Data supplied:
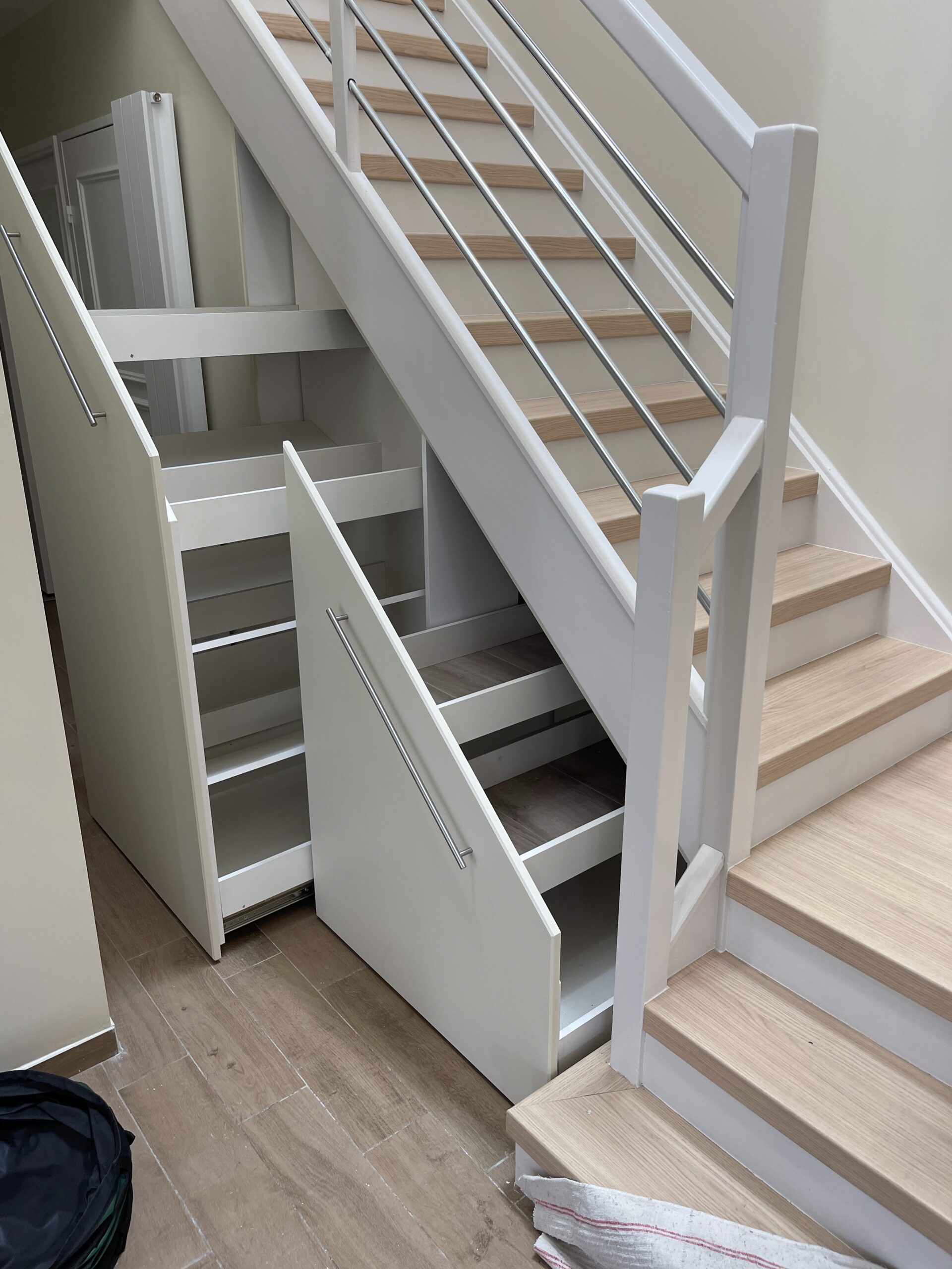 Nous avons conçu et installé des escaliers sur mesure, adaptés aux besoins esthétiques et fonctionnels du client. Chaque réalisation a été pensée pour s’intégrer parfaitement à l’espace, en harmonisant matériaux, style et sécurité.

* * *

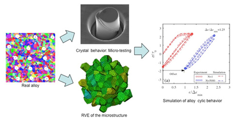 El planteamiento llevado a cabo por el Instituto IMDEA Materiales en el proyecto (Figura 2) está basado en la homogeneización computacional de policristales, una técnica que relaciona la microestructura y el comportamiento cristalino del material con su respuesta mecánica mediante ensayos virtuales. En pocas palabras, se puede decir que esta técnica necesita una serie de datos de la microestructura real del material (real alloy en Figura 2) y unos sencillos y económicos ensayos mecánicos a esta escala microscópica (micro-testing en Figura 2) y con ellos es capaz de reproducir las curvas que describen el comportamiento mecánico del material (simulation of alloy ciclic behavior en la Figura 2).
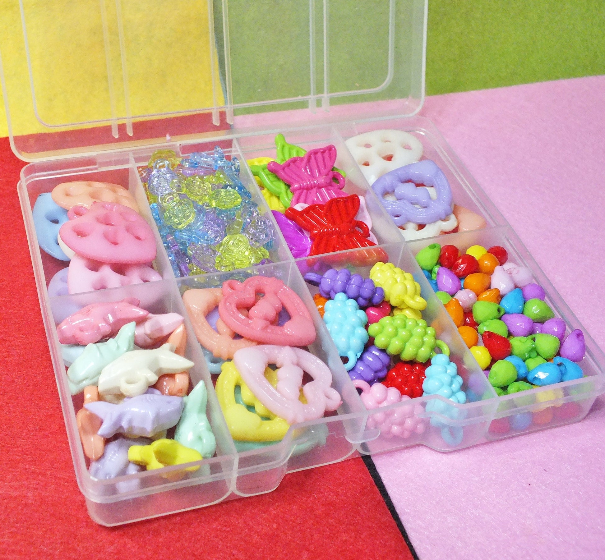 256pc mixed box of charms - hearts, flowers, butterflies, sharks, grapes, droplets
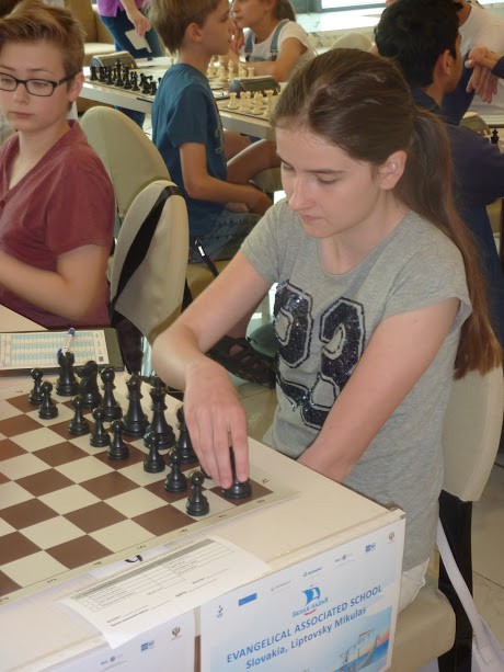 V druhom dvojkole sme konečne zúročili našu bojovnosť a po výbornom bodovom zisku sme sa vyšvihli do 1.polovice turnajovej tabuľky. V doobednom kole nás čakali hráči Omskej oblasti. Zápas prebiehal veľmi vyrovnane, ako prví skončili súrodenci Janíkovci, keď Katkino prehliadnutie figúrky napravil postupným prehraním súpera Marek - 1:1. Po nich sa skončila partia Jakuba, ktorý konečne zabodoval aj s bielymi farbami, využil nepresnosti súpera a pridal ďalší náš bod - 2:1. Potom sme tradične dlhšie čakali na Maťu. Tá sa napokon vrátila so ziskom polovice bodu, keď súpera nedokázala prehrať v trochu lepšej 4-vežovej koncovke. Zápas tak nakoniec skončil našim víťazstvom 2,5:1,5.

What to do: Please repeat, exactly as written, the lines in the records above, starting with the one that has "256pc mixed box" and going on through the one that has "V druhom dvojkole". Pictures are to be left out.

The completed task:
 256pc mixed box of charms - hearts, flowers, butterflies, sharks, grapes, droplets
 V druhom dvojkole sme konečne zúročili našu bojovnosť a po výbornom bodovom zisku sme sa vyšvihli do 1.polovice turnajovej tabuľky. V doobednom kole nás čakali hráči Omskej oblasti. Zápas prebiehal veľmi vyrovnane, ako prví skončili súrodenci Janíkovci, keď Katkino prehliadnutie figúrky napravil postupným prehraním súpera Marek - 1:1. Po nich sa skončila partia Jakuba, ktorý konečne zabodoval aj s bielymi farbami, využil nepresnosti súpera a pridal ďalší náš bod - 2:1. Potom sme tradične dlhšie čakali na Maťu. Tá sa napokon vrátila so ziskom polovice bodu, keď súpera nedokázala prehrať v trochu lepšej 4-vežovej koncovke. Zápas tak nakoniec skončil našim víťazstvom 2,5:1,5.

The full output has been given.